Anak- anak kampung Pedongkelan dan sekitarnya bahkan melewatkan taraweh dan saur dengan tawuran antar kampung. Setelah menyalakan petasan mereka membuat pancingan kerusuhan hingga terjadi tawuran. Bahkan beberapa tahun lalu ada korban meninggal akibat tawuran massal tersebut.
Puasa harusnya membuat kegiatan menyejukkan, melakukanolah raga ringan yang tidak menguras tenaga dan menyediakan waktu merenung dan mengendalikan pikiran dan nafsu yang liar. Tetapi ketika mereka melakukan tawuran, mengganggu ketertiban umum dengan teror suara apakah itu esensi Ramadan sebenarnya.
Petasan, tawuran dan kegiatan- kegiatan negatif harusnya dihindari. Apalagi mengganggu ketenangan tetangga dan membuat repot karena sampah plastis berceceran di mana- mana.
Menyalakan petasan boleh boleh saja asal bisa menjamin petasan itu tidak sampai mencelakai orang yang sedang melintas. Menyalakan petasan bisa jadi tradisi turun temurun, sebuah kegembiraan, sebuah ekspresi keceriaan, sambil menungga waktu buka tiba, tetapi jika sudah adiktif, lupa waktu dan tidak mau tahu keluhan- keluhan warga tentang bunyi bunyi yang mengganggu.
Saatnya orang tua membantu memberikan pengertian pada anak- anaknya untuk tidak melakukan kegiatan yang mengganggu ketertiban umum. Petasan yang dinyalakan tidak pada waktunya tentu menimbulkan ketidaknyamanan. Maka pemerintah, aparat desa, kampung, ketua RT atau RW harusnya menghimba warganya untuk mengurangi kegiatan anak- anak yang mengganggu ketertiban umum.

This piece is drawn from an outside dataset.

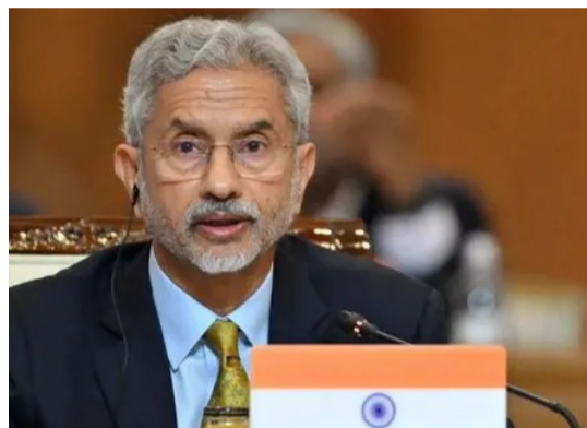
మంది ప్రజలు నివసిస్తున్నారు. ప్రస్తుతం గల్వే దేశాల్లో మనవారు కొంత మంది చిక్కుకున్నారు. మనకు నౌకలను నడిపే వ్యాపారులు ముఖ్యమే కానీ వారి కంటే ప్రజల ప్రయోజనాలనే మన ప్రభుత్వం పరిగణనలోకి తీసుకుంటుంది”

గల్లంతయ్యారన్నారు. ఆ సమయంలో తొలుత లాంగ్-రేంజ్ మిసైల్ పెట్రోలింగ్ విమానాన్ని మన నావి పంపిందని తెలిపారు. తరువాత ఐఎల్-15-ట్రాబుల్ లైట్ రాష్ట్రలతో కూడిన రెండో విమానాన్ని కూడా మన నావి సిద్ధం చేసిందని వెల్లడించారు. ఐఎన్ఎస్ తరంగిణీ నౌక ఆ రోజు సాయంత్రం అక్కడకు చేరుకోగానే తర్వాత కొచ్చి సుంది ఐఎన్ఎస్ ఇక్కడి బయలుదేరి వెళ్లిందన్నారు. “శ్రీలంకలో ఇరాన్ యుద్ధ నౌక ఐఎన్-దేనా జలాంతర్గామిపై అమెరికా దాడి చేసి దానిని ముంచేసింది. దీనిపై సోషల్ మీడియాలో చాలా చర్చ జరుగుతోంది. హిందూ మతా సమన్వయం ఒక మంచి పర్యవరణం కలిగిన ప్రదేశం. ప్రపంచంలోని ఇతర ప్రాంతాల కంటే హిందూ మతాసముద్రం చాలా విభిన్నమైన పర్యావరణం కలిగిన ప్రదేశం, ఇది భారతదేశానికి వాణిజ్యం పరంగా కీలకమైనది. భారతదేశం అభివృద్ధి చెందితే దాని వల్ల హిందూ మతాసముద్రంలో కలిసి ఉన్న ఇతర దేశాలు అభివృద్ధి చెందుతాయి. భారత దేశంలో వ్యాపార నౌకలను చాలా మంది నడుపుతారు. వస్తువులను తీసుకెళ్లే నౌకలపై దాడి జరిగిన ప్రతిసారి నష్టం జరుగుతుంది. మన దేశ ప్రజలకు ఏదీ ఉపయోగపడకుండా దాని గురించి మనం ఆలోచించాలి. గల్వే దేశాల్లో 9-10 మిలియన్ల

Fokusnya menyalakan petasan saat hari raya, tidak setiap hari, sepanjang jam, saat warga lagi istirahat.
Kegiatan Positif Selain Membunyikan Petasan
Ketertiban tentu milik bersama. Jangan sampai karena petasan warga menjadi emosi (marah - marah), gara- gara petasan.Dalam bulan puasa sebaiknya menahan diri dan tidak melakukan kegiatan yang mengganggu ketertiban umum.Remaja bisa belajar di masjid, berdoa bersama atau kreatif saat ngabuburit dengan bermain musik kreatif, atau kegiatan yang bermanfaat lainnya.
Selamat menjalankan ibadah Puasa bagi Umat Islam semoga menjadi berkah buat semua umat manusia . Jangan sampai karena Ramadan suasana kebencian selama pemilu atau membuat hasutan berita hoax yang mencederai kesucian Ramadan. Salam damai Selalu.